As with the previous wave, the panorama of the regional left is heterogeneous in terms of the structure of government forces. On the one hand, the Bolivarian branch, composed of Cuba, Nicaragua and Venezuela, is maintained. On the other hand, there are the countries where disputes arose between those wanting to return or enter the country and their heirs or godchildren (Alberto Fernández and Cristina Fernández in Argentina; Evo Morales and Luis Arce in Bolivia; Vladimir Cerón and Pedro Castillo in Peru ). A duality that had a notable precedent when Lenin Moreno interfered with Rafael Correa’s plans in Ecuador. A country where the erosion of right-wing Guillermo Lazo could at any time today provoke an expansion of left-continental bias.
The third group in this sense are Andrés Manuel López Obrador in Mexico; probably Lula da Silva in Brazil, Gustavo Petro in Colombia and Gabriel Boric in Chile. There is no certainty that the powerful economic structures associated with global capitalism in each of these countries can be shaken by these governments. This hypothetical shock would no doubt have strong aftershocks in the rest of the continent.

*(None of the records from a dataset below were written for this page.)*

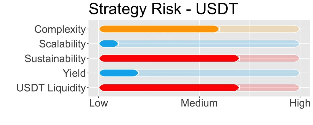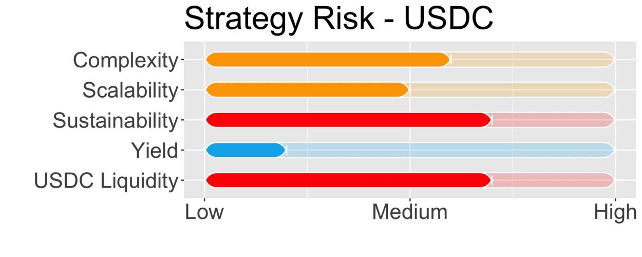 Le risque de scalabilité de la stratégie est de 5/10 pour USDC et 1/10 pour USDT.
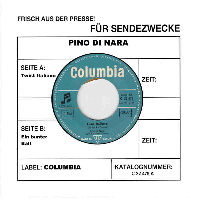 07 63....C 22 479....Pino di Nara und die Five Crazies..Ein bunter Ball/Twist Italiano
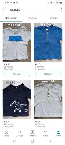 Maat 74 en 80 voor jongens. Met name shirtjes en blousjes. https://www.vinted.nl/member/34814538-melanieofzo

In parallel, however, the new turning point coincides with electoral cycles characterized by the successive punishment of governing parties with different conditions and tendencies. This was experienced first by Evo Morales and then by Jeanine Áñez in Bolivia, then by Correa, Moreno and Lazzo in Ecuador. And the anti-official climate goes hand in hand with declining social tolerance and shorter “honeymoons” for the new governing parties. Such are the experiences of Pedro Castillo in Peru, of Gabriel Boric himself in Chile and the defeat of the Frente de Todos in last year’s general elections in Argentina.

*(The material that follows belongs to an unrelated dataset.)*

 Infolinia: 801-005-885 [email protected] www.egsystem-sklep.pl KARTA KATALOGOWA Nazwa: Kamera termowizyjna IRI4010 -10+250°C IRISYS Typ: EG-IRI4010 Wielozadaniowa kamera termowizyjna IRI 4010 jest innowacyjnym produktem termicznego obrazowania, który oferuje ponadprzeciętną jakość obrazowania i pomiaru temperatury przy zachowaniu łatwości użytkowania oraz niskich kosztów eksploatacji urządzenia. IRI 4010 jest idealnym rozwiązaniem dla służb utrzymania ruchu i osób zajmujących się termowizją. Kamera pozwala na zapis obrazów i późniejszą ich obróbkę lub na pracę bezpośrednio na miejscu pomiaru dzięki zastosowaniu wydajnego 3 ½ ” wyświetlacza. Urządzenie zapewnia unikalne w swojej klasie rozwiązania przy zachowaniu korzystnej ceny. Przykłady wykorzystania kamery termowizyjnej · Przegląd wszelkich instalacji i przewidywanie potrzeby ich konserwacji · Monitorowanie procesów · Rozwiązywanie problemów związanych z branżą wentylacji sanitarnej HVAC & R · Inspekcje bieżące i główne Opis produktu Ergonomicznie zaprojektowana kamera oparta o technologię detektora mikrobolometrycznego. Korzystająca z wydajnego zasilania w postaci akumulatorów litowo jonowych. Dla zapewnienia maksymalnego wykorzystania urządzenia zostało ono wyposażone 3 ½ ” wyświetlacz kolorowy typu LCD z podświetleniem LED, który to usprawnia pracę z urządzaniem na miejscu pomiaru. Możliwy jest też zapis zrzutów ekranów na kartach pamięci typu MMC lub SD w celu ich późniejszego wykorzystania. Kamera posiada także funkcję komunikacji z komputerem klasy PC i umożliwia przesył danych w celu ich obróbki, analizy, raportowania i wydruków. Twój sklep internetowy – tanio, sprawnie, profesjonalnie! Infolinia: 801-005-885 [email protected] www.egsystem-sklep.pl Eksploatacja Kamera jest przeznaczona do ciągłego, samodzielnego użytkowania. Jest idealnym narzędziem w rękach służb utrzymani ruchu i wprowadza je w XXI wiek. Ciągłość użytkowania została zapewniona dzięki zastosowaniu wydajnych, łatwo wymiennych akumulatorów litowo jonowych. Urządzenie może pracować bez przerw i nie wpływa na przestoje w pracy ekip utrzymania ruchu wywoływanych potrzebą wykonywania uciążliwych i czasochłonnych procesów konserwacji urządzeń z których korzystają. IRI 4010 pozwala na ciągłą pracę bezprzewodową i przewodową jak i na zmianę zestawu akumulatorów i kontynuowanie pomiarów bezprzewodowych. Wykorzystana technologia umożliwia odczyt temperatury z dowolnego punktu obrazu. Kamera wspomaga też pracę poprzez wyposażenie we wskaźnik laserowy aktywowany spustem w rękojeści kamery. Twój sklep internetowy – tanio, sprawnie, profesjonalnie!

The exceptions are those of Daniel Ortega in Nicaragua; Maduro in Venezuela and Diaz Canel in Cuba. But it is clear that these are cases classified under the parameters of authoritarianism rather than a minimum of representative democratic space. In short, there is a historic turn to the left in Latin America; However, it is not known what material the plinths are made of, which gives an idea of the time of their current validity.